§ **Exercise details**
Going through the material below, output exactly the lines from the one containing "5 декабря. Заседание" through the one containing "This results in", and no pictures.

§ **Records for the task**
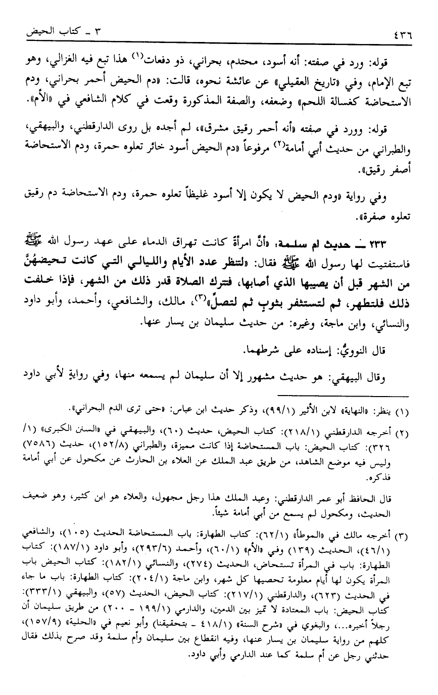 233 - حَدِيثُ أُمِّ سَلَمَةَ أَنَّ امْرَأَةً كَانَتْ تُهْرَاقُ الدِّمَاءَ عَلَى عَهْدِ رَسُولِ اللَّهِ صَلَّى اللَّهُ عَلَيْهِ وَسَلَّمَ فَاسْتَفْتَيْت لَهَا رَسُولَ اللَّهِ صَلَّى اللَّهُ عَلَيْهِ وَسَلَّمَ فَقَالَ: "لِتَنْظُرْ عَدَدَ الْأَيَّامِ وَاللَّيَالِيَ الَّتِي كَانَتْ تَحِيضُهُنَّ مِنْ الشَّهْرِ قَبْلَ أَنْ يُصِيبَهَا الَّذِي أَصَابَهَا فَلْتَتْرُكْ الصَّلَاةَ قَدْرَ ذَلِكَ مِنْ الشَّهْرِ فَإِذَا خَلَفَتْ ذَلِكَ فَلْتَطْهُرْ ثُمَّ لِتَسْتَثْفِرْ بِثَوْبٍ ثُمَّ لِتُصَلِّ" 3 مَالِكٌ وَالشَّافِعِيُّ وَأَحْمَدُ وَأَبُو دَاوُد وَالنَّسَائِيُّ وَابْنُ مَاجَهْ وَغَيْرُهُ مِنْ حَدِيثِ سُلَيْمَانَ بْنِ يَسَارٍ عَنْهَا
==
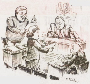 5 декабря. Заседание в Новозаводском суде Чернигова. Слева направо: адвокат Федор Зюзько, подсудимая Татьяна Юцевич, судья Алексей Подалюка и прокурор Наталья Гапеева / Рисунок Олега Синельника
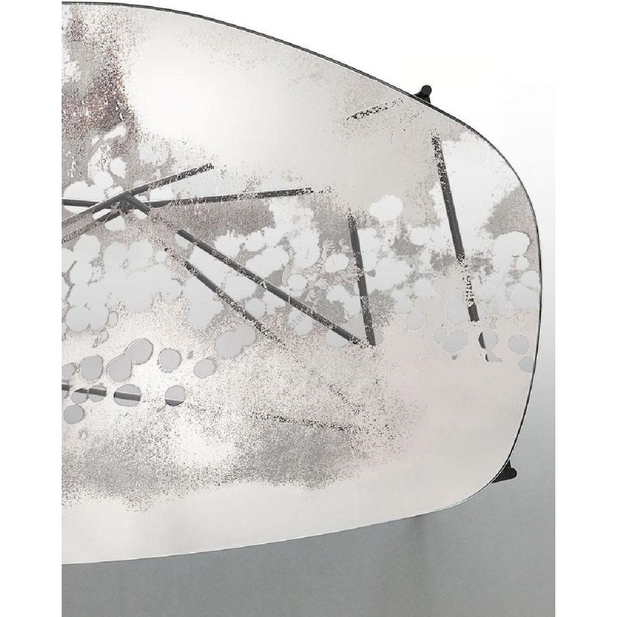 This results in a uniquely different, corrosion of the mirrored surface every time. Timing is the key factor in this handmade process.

§ **Answer to this exercise**
 5 декабря. Заседание в Новозаводском суде Чернигова. Слева направо: адвокат Федор Зюзько, подсудимая Татьяна Юцевич, судья Алексей Подалюка и прокурор Наталья Гапеева / Рисунок Олега Синельника
 This results in a uniquely different, corrosion of the mirrored surface every time. Timing is the key factor in this handmade process.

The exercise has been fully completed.